New technology invades privacy, requires proper consent

Easy system for airlines seems too good to be true

Isabella Kanne

Consent is not being given for JetBlue’s facial recognition and privacy is being invaded.

Airline JetBlue uses facial recognition which passengers can opt-out of this step but even so, they are still in the airline company’s system. Using the data in this system without passengers consent is a complete misstep.

The Department of Homeland Security gives the Customs and Border Protection database access to photos of anyone.

Who has applied for a US passport or visa or anyone who has interacted with Customs and Border Protection in the past according to Travel and Leisure.

JetBlue claims that it has no access to the photos or information used in this process.

Some passengers are worried about the process invading their privacy.
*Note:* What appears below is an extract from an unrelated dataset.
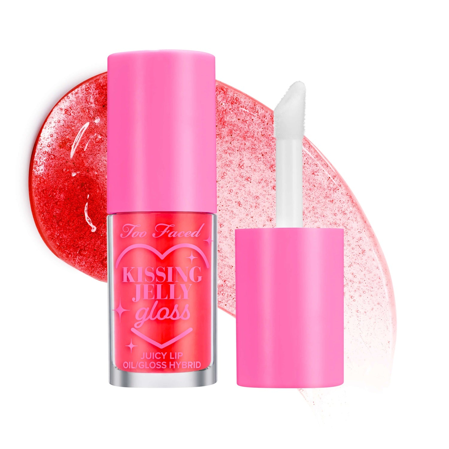 ملمع الشفاه Too Faced Kissing Jelly Ultra-Nourishing Non-Sticky Lip Oil Gloss Hybrid هو ملمع الشفاه الذي لا يمكنك العيش بدونه! تركيبة زيت الشفاه اللامعة هذه ترطب الشفاه بالزيوت الطبيعية وتترك لمسة من اللون تمنحك ترطيبًا فوريًا لزيت الشفاه مع لمعان الحلوى لملمع الشفاه.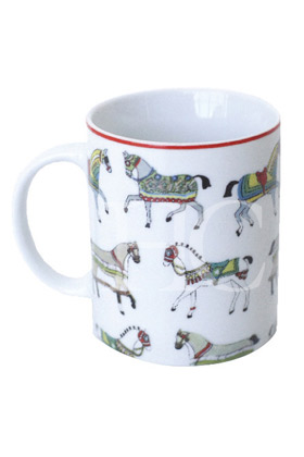 Caneca de porcelana estampada com cavalinhos.

Even if the passenger wanted to opt-out of the facial recognition step, their information would already have been passed on without consent.

In doing so this not only violates privacy, but also creates a break in trust between the company and potential flyers.

Facial recognition is already being used on some cell phones, but that is a more private use of the software.

Although people may speculate phone companies then have access to facial information, many have come out and said your information will never leave your device without your permission, according to Apple’s privacy policies. 

While facial recognition may begin to revolutionize other industries, air travel should stay away from it unless the passengers have given consent to have their information used in that way.